■ **EXERCISE MATERIALS**
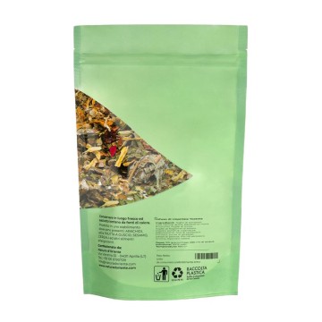 They support perspiration during cold alterations, to expel toxins, and are used as emollients and expectorants in cases of irritation of the respiratory system. Blackberry leaves also promote well-being against colds, sore throats, nasal congestion, wet cough. They help in the herbal tea to balance the temperatures and calm the tissues damaged by the irritated and excessive mucous membrane. Calendula petals have an emollient effect on the oropharyngeal mucosa, calming redness, as do mullein flowers, peony petals and sunflower petals (they contain saponins and antioxidants useful for reducing cough symptoms). natural anti-inflammatory, useful for respiratory tracts irritated by phlegm secretions, such as in the case of bronchitis. In our infusion, the toasted licorice root is accompanied by numerous other elements, which are also useful for the digestive system. The mix contains raspberry leaves, apple pieces, wild strawberry leaves, lemon balm.
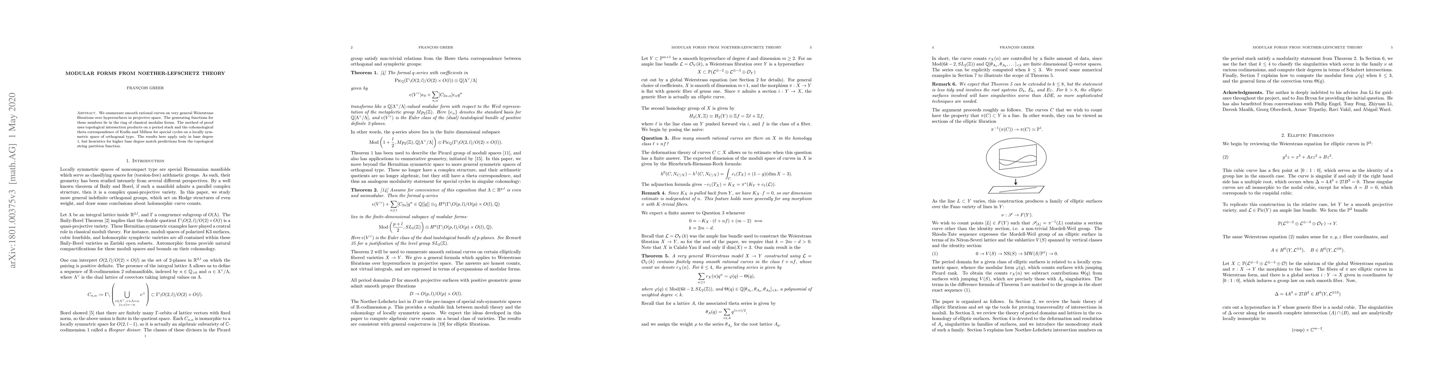 We enumerate smooth rational curves on very general Weierstrass fibrations over hypersurfaces in projective space. The generating functions for these numbers lie in the ring of classical modular forms. The method of proof uses topological intersection products on a period stack and the cohomological theta correspondence of Kudla and Millson for special cycles on a locally symmetric space of orthogonal type. The results here apply only in base degree 1, but heuristics for higher base degree match predictions from the topological string partition function.
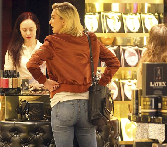 Ünlü yıldız uzun süre kaldığı markette birçok iç çamaşırı ve korse denedi. Alex Nation, denediği askılı jartiyerin üzerinde nasıl durduğunu görmek için markette bulunan boy aynası önünde kendine baktı.
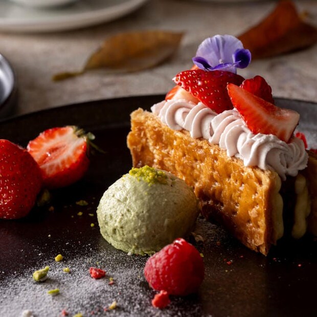 しっかり焼き込んだサクサクのパイで濃厚なカスタードクリームとラズベリージュレを挟み、ストロベリークリームの上に真っ赤ないちごやラズベリーをちりばめている。かわいらしいいちごとピスタチオアイスクリームのグリーンが華やかで、まるでクリスマスのプレゼントのような心躍る1皿をお楽しみに。
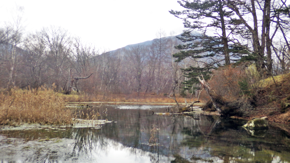 湯滝から30分ちょいで泉門池(いずみやど)の休憩所に到着。ベンチやテーブルがあってランチ休憩に最適。春や紅葉シーズンだと絶景でしょうけど、この時期はもう寂しい雰囲気しかありませんね。カモの鳴き声が寂しさを余計に増幅させる。ここでカップラーメンをすすってデザートは焼きバナナ。バターで焼き色を付け、砂糖をかけてカラメル状に仕上げたところ甘すぎて不評だった(笑)。最近コンビニでよく見かける個包装のバナナを使った。
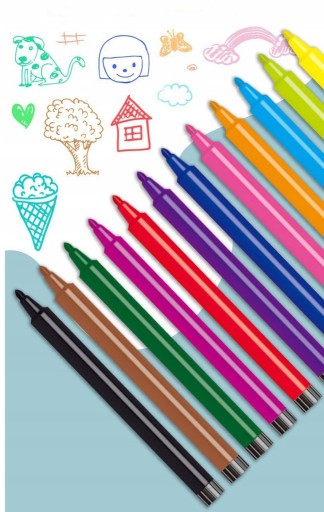 - W zestawie znajdują się 3 dyski z 8 wzorami obrazków czyli razem 24 wzory, 12 mazaków w najpotrzebniejszych kolorach ,gąbka do zmazywania obrazków oraz dodatkowy blok papierowy do malowania.
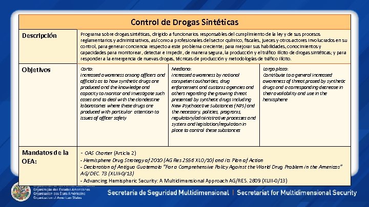 Control de Drogas Sintéticas Descripción Programa sobre drogas sintéticas, dirigido a funcionarios responsables del cumplimiento de la ley y de sus procesos reglamentarios y administrativos, así como a profesionales del sector químico, fiscales, jueces y otros actores involucrados en su control, para generar conciencia respecto a este problema creciente; para mejorar sus habilidades, conocimientos y capacidades para monitorear, detectar e impedir, de manera segura, la producción y el tráfico ilícito de drogas sintéticas; y para responder a la emergencia de nuevas drogas, técnicas de producción y metodologías de tráfico ilícito. Objetivos Corto: Increased awareness among officers and officials as to how synthetic drugs are produced and the knowledge and capacity to monitor and investigate such cases and to deal with the clandestine laboratories where these drugs are produced with particular attention to issues of officer safety Mandatos de la OEA: - OAS Charter (Article 2) Mediano: Increased awareness by national competent authorities, drug enforcement and customs agencies and others regarding the growing threat presented by synthetic drugs including New Psychoactive Substances (NPS) and the necessary, policies, programs, regulatory/administrative processes and system and legislation/regulation in place to control these substances Largo plazo: Contribute to a general increased awareness of threat prosed by synthetic drugs and a corresponding decrease in their availability and use in the hemisphere - Hemisphere Drug Strategy of 2010 (AG Res 2556 XLO/10) and its Plan of Action - Declaration of Antigua Guatemala “For a Comprehensive Policy Against the World Drug Problem in the Americas” AG/DEC. 73 (XLIII-0/13) - Advancing Hemispheric Security: A Multidimensional Approach AG/RES. 2809 (XLIII-0/13)
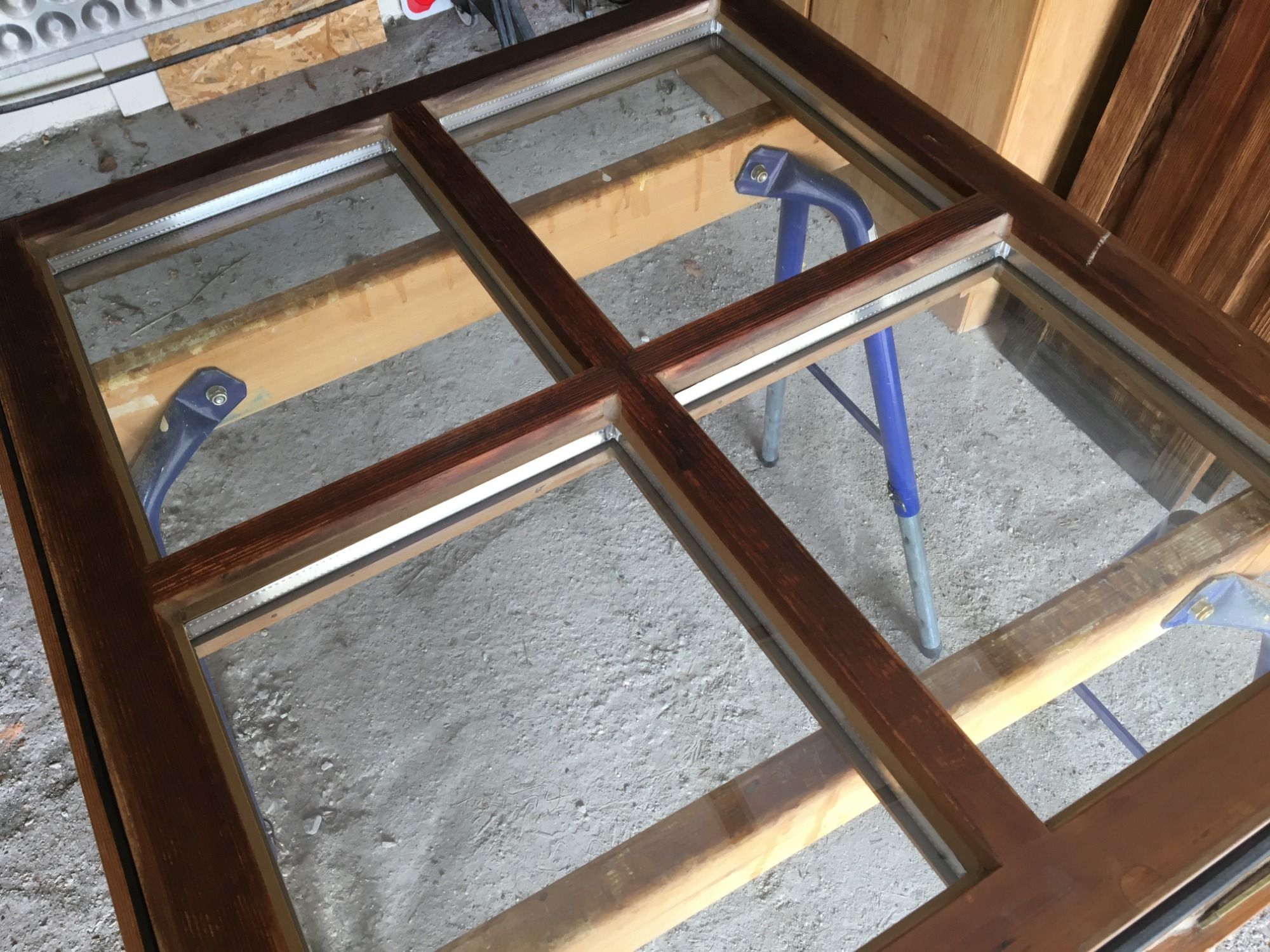Instandsetzung alter Holzteile, wie zum Beispiel Balkone, Fensterrahmen, Fensterläden durch abschleifen und lasieren
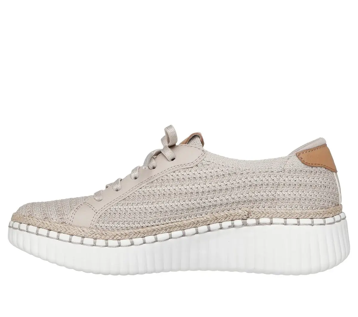 Take a walk on the stylish side in machine-washable comfort with Skechers Wilshire Blvd – Passion Play. This vegan Skechers No Tie Fit® design features a sweater knit upper with faux laces, jute midsole trim, a Comfort Pillow at the heel, and a cushioned Skechers Air-Cooled Memory Foam® insole.
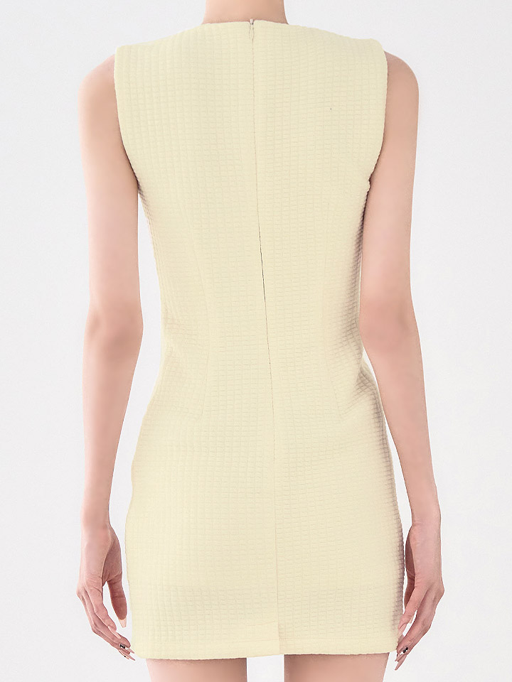 #ホワイト ##あすか着用 #ミニドレス/ミニ丈 ワッフル(ぽこぽこ) #ノースリーブ #胸元隠し(胸隠し) #背中隠し(ブラOK) #タイト #スイート・可愛い(かわいい)系
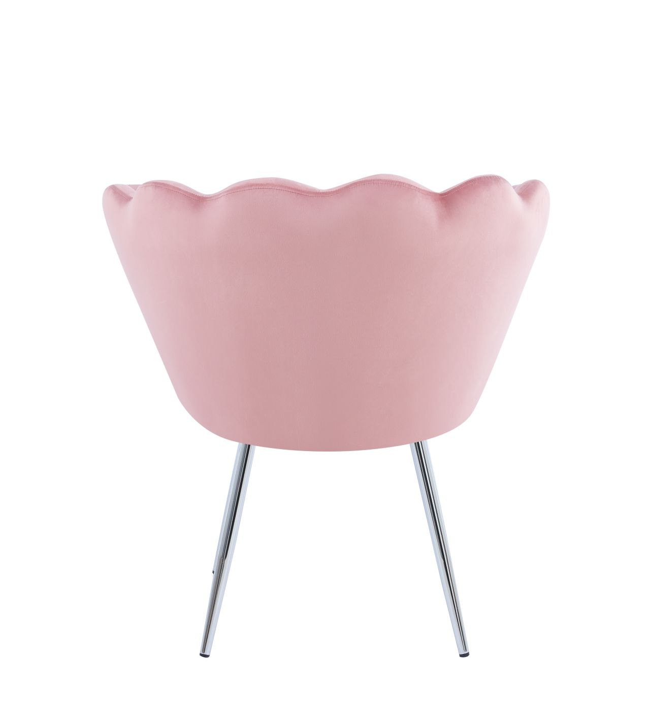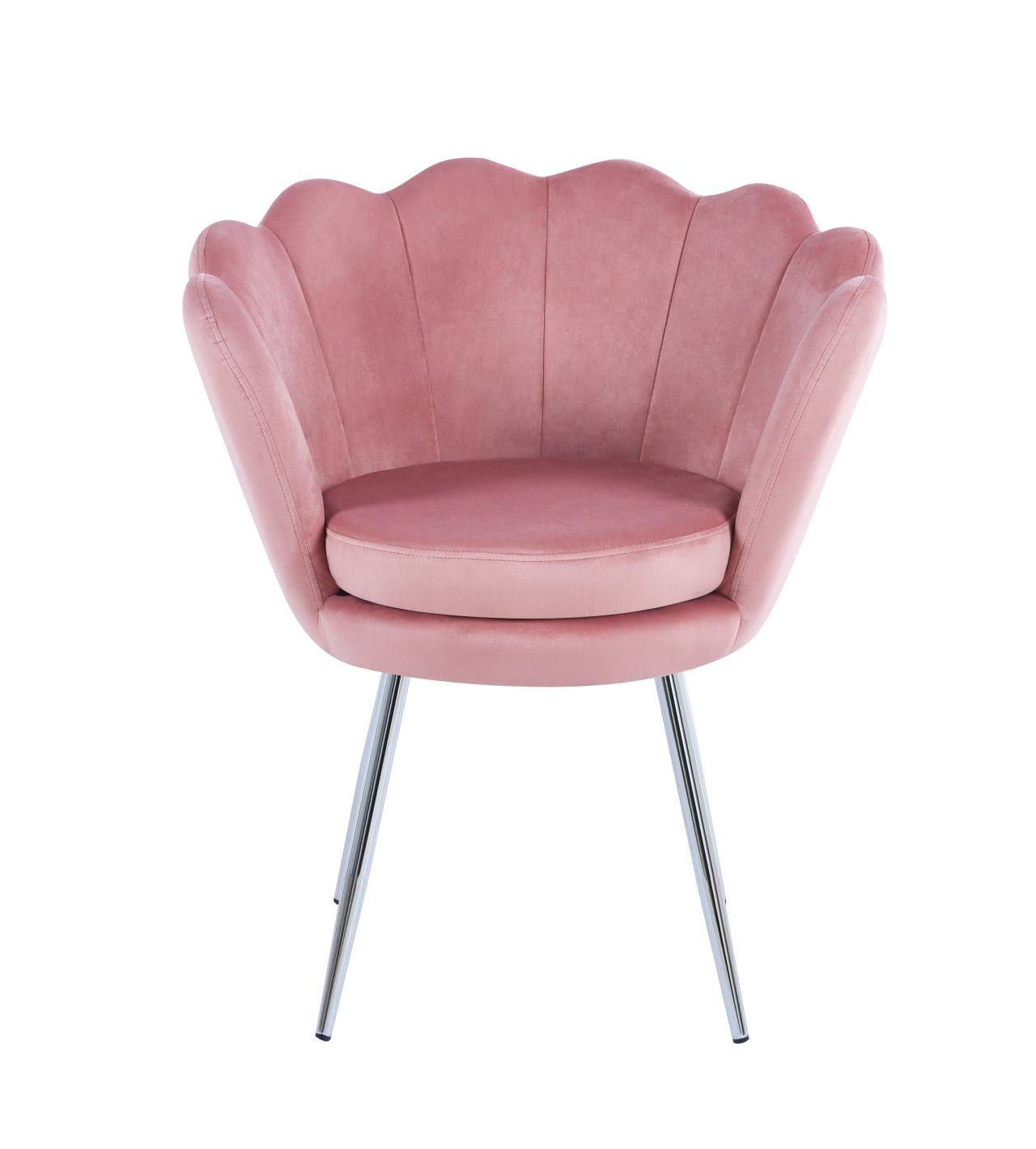 La Chaise Coquillage Golddeco en velours rose et pieds chromés allie élégance féminine et confort contemporain.

■ **REQUIRED ACTION**
Above are some records. Reproduce the lines from the one with "We enumerate smooth" down to the one with "- W zestawie", keeping both, and leave every picture out.

■ **WRITTEN ANSWER**
 We enumerate smooth rational curves on very general Weierstrass fibrations over hypersurfaces in projective space. The generating functions for these numbers lie in the ring of classical modular forms. The method of proof uses topological intersection products on a period stack and the cohomological theta correspondence of Kudla and Millson for special cycles on a locally symmetric space of orthogonal type. The results here apply only in base degree 1, but heuristics for higher base degree match predictions from the topological string partition function.
 Ünlü yıldız uzun süre kaldığı markette birçok iç çamaşırı ve korse denedi. Alex Nation, denediği askılı jartiyerin üzerinde nasıl durduğunu görmek için markette bulunan boy aynası önünde kendine baktı.
 しっかり焼き込んだサクサクのパイで濃厚なカスタードクリームとラズベリージュレを挟み、ストロベリークリームの上に真っ赤ないちごやラズベリーをちりばめている。かわいらしいいちごとピスタチオアイスクリームのグリーンが華やかで、まるでクリスマスのプレゼントのような心躍る1皿をお楽しみに。
 湯滝から30分ちょいで泉門池(いずみやど)の休憩所に到着。ベンチやテーブルがあってランチ休憩に最適。春や紅葉シーズンだと絶景でしょうけど、この時期はもう寂しい雰囲気しかありませんね。カモの鳴き声が寂しさを余計に増幅させる。ここでカップラーメンをすすってデザートは焼きバナナ。バターで焼き色を付け、砂糖をかけてカラメル状に仕上げたところ甘すぎて不評だった(笑)。最近コンビニでよく見かける個包装のバナナを使った。
 - W zestawie znajdują się 3 dyski z 8 wzorami obrazków czyli razem 24 wzory, 12 mazaków w najpotrzebniejszych kolorach ,gąbka do zmazywania obrazków oraz dodatkowy blok papierowy do malowania.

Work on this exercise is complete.